Ещё весной 1825 года Николай Борисович разорился. С 20 мая 1826 года он вновь вернулся на действительную армейскую службу в чине подполковника лейб-гвардейского Павловского полка. В конце ноября, вскоре после отправки своего последнего письма Бетховену, он отбыл на театр военных действий на Кавказ. Переписка Голицына с Бетховеном прервалась, но неприятная история с денежным долгом отнюдь не закончилась. Деньги с Голицына начали требовать наследники Бетховена. Шиндлер публично обвинил князя в том, что он вообще не перечислил никакого гонорара за квартеты, что было неправдой. Голицын признал за собой лишь долг в 75 дукатов и выплатил эту сумму частями Карлу ван Бетховену (в 1832 и 1852 годах). Причём второй платёж, по обоюдному согласию, был расценен как дань почтения памяти Бетховена со стороны Голицына, поскольку Увертюра ор. 124 не была заказана князем и гонорар за посвящение являлся, в сущности, подарком самому композитору, а не долгом перед его наследниками. В 1859 году сын князя, Юрий Николаевич Голицын, перевёл на счёт Каролины ван Бетховен, вдовы племянника, 125 спорных дукатов, чтобы положить конец любым упрёкам в адрес своего отца.

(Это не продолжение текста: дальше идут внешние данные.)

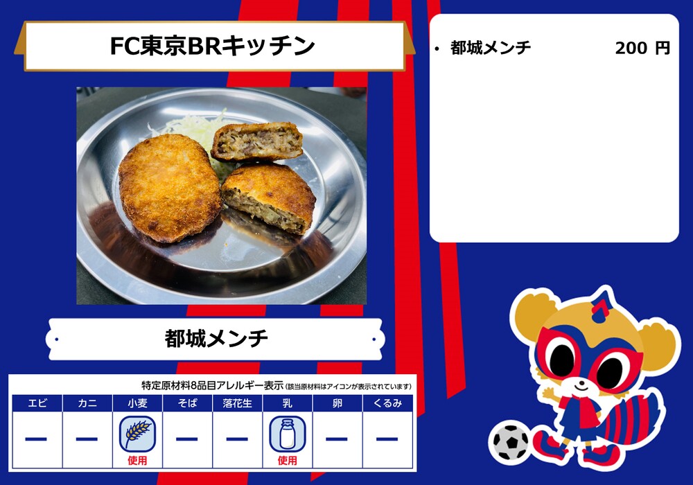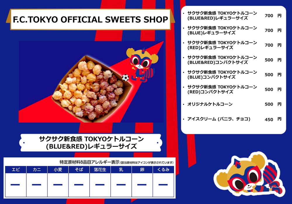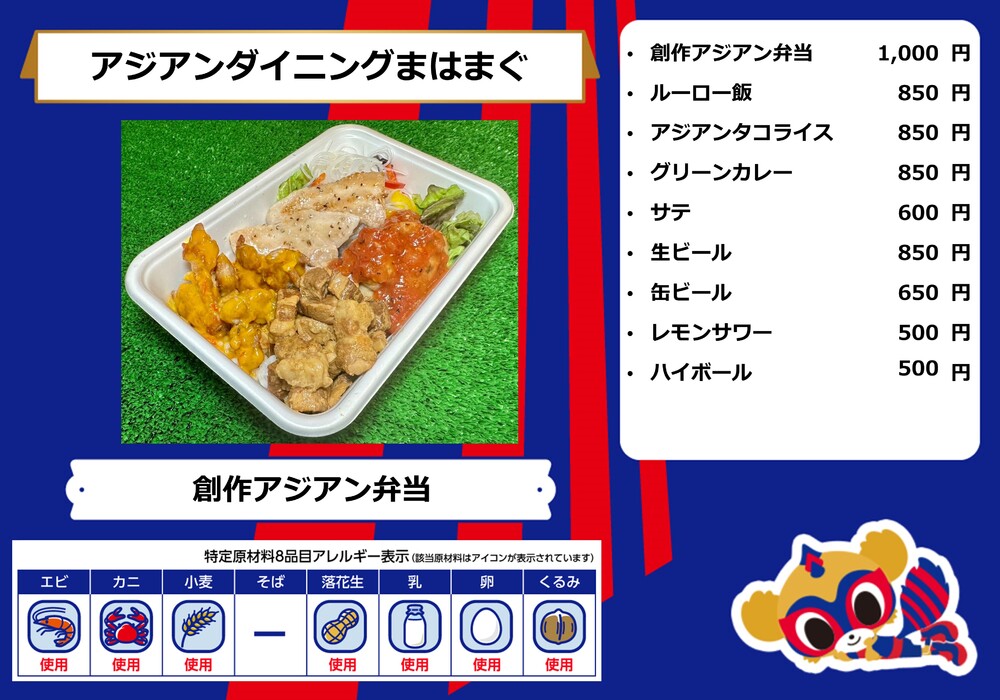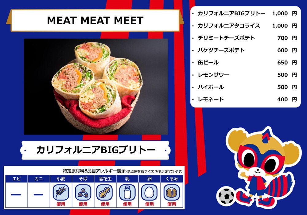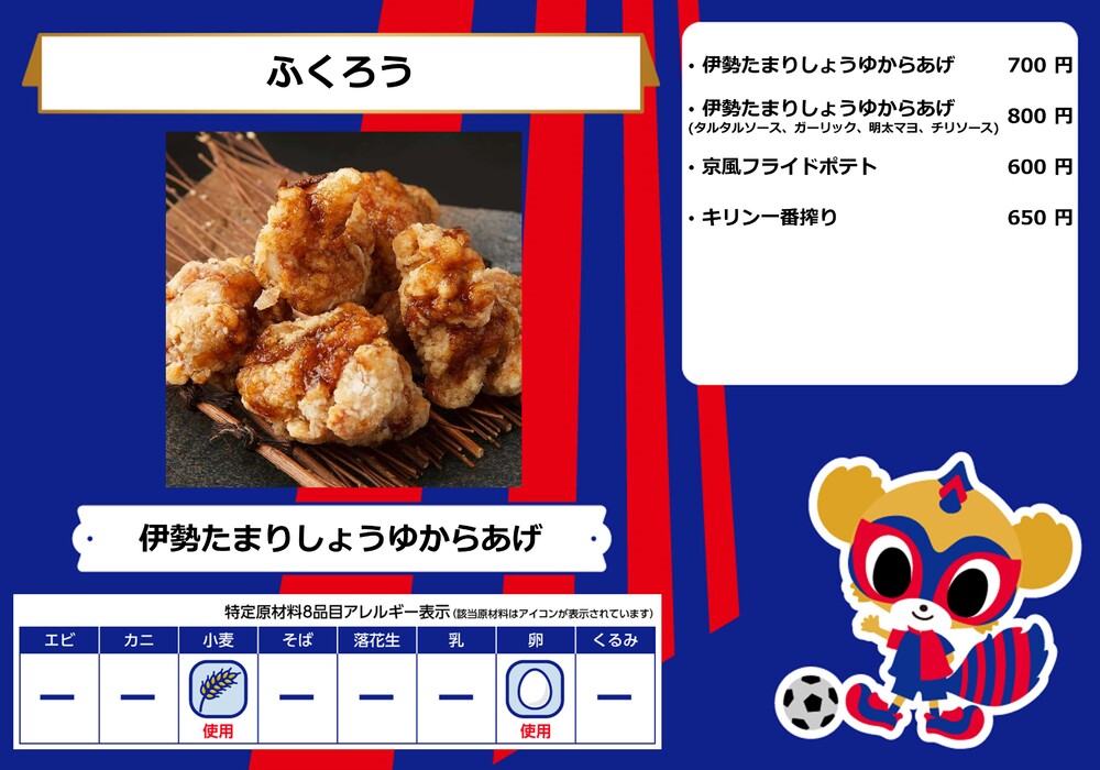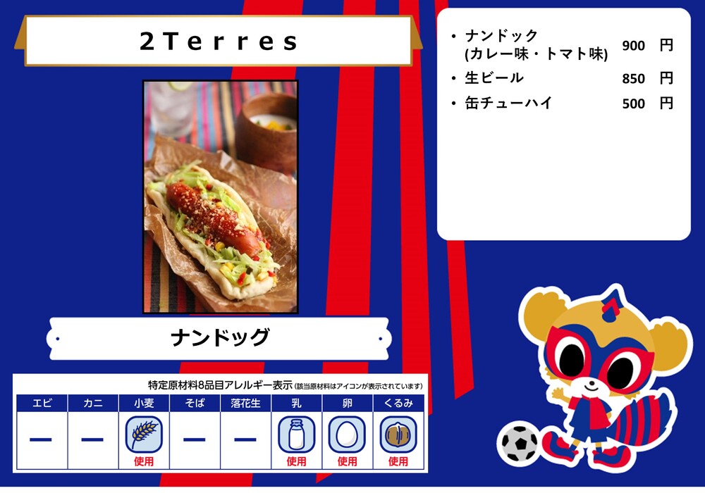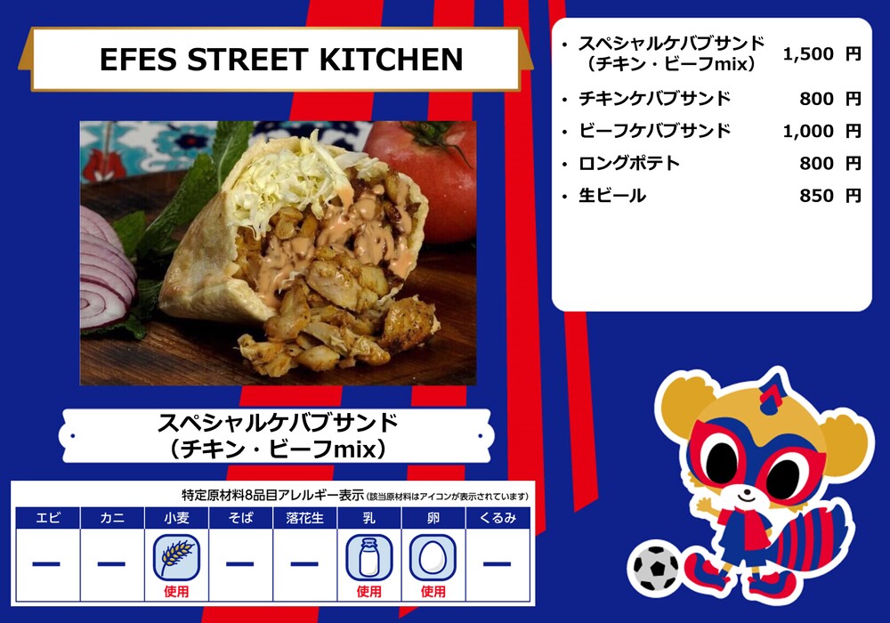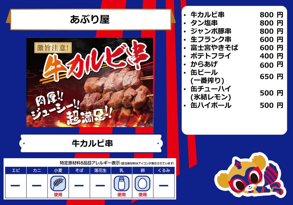 Menu de alimentos que será vendido na AO-AKA STREET e AO-AKA PARK supported by TOKYO GAS (fora do estádio), e nas lojas no corredor interno do estádio no dia 28 de outubro (Sáb) durante o jogo contra Sanfrecce Hiroshima.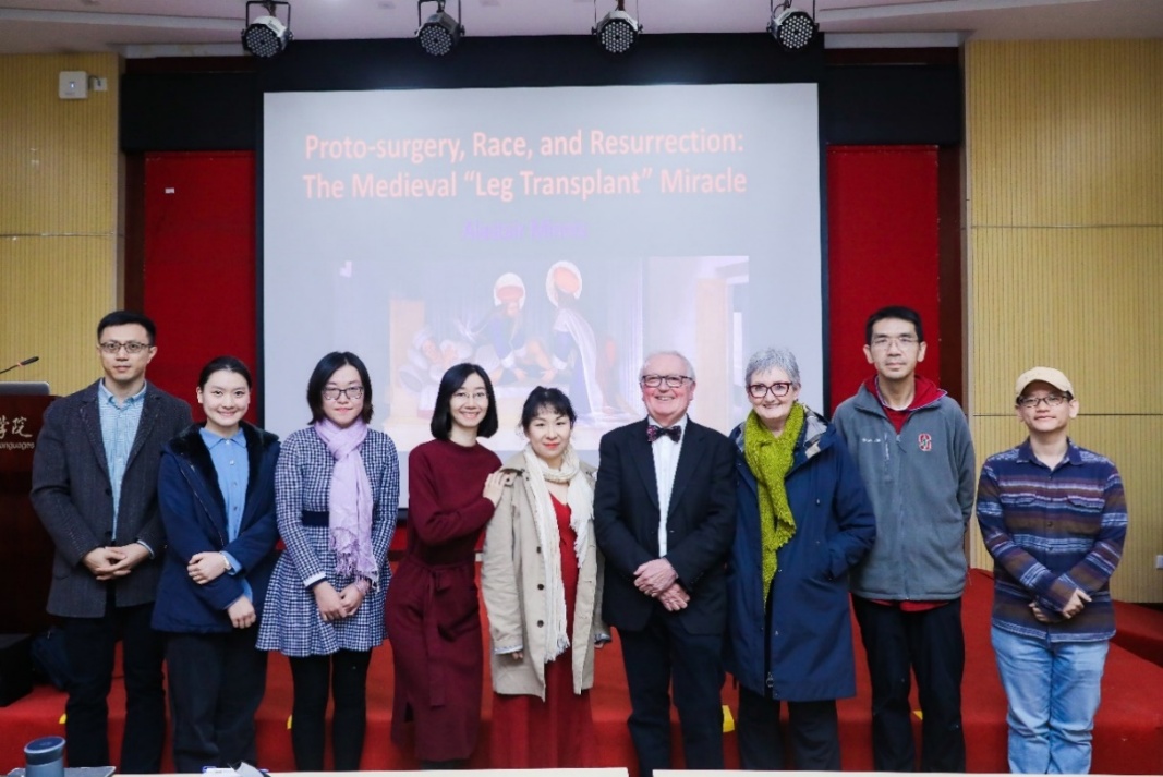 During the discussion session, Professor Huiyi Bao from Fudan University engaged Professor Minnis in a multifaceted dialogue. She began by noting that his analysis offered profound insights into medieval conceptions of the body, then drew a striking comparison between the transplant miracle and passages in Flaubert’s Madame Bovary to illuminate the contrasts between medieval and modern understandings of embodiment. Professor Bao further enriched the discussion through comparisons with Dante’s Divine Comedy, deepening reflections on bodily integrity. She also highlighted the nuanced interplay between the lecture’s iconography and contemporary perspectives on race, emphasizing its continued relevance to modern racial discourse. In the ensuing exchange, faculty and students raised thoughtful questions concerning self and other, the boundaries of the body, and racialized violence within theological contexts, to which Professor Minnis responded with his characteristic incisiveness and discerning insight.

Создав три квартета, посвящённых князю Голицыну, Бетховен мог бы поставить для себя точку в этом жанре, ибо, казалось бы, двигаться дальше было уже некуда. Тем не менее он создал ещё два квартета, никем не заказанных, – просто потому, что так хотелось ему самому. Но ситуация с издателями к тому времени переменилась в благоприятную для него сторону: теперь за каждый новый квартет шло соперничество, и Бетховену беспрекословно платили те гонорары, которые он назначал. Более того, с марта 1825 года «голицынские» квартеты начали исполняться в Вене, и тут тоже развернулась артистическая конкуренция. Квартет ор. 127 друг за другом сыграли ансамбли Шуппанцига, Йозефа Бёма и Йозефа Майзедера. Концерт, в котором выступал квартет Бёма, был приватным, но туда проник корреспондент «Всеобщей музыкальной газеты», который писал: «Это одно из самых выдающихся творений великого мастера оказалось при первом прослушивании не всем понятным, и по этой причине артисты сыграли его два раза подряд, но он разработан с такой гениальностью, что у слушателей дух захватывает». Специально для приехавшего в Вену в июне 1825 года издателя Морица Шлезингера Квартет ор. 132 был исполнен в узком кругу в гостинице «У дикаря», однако присутствовавшие там Карл Черни, пианистка Антония Чиббини и аббат Максимилиан Штадлер остались под сильным впечатлением (при этом публичное исполнение ансамблем Шуппанцига было принято венской публикой холодновато). И даже казавшийся неисполнимым Квартет ор. 130 с фугой в финале всё-таки прозвучал в концерте Шуппанцига 21 марта 1826 года. Хотя о понимании современниками поздних квартетов Бетховена говорить было, наверное, ещё рано, интерес к ним был велик, и это стимулировало дальнейшие поиски композитора.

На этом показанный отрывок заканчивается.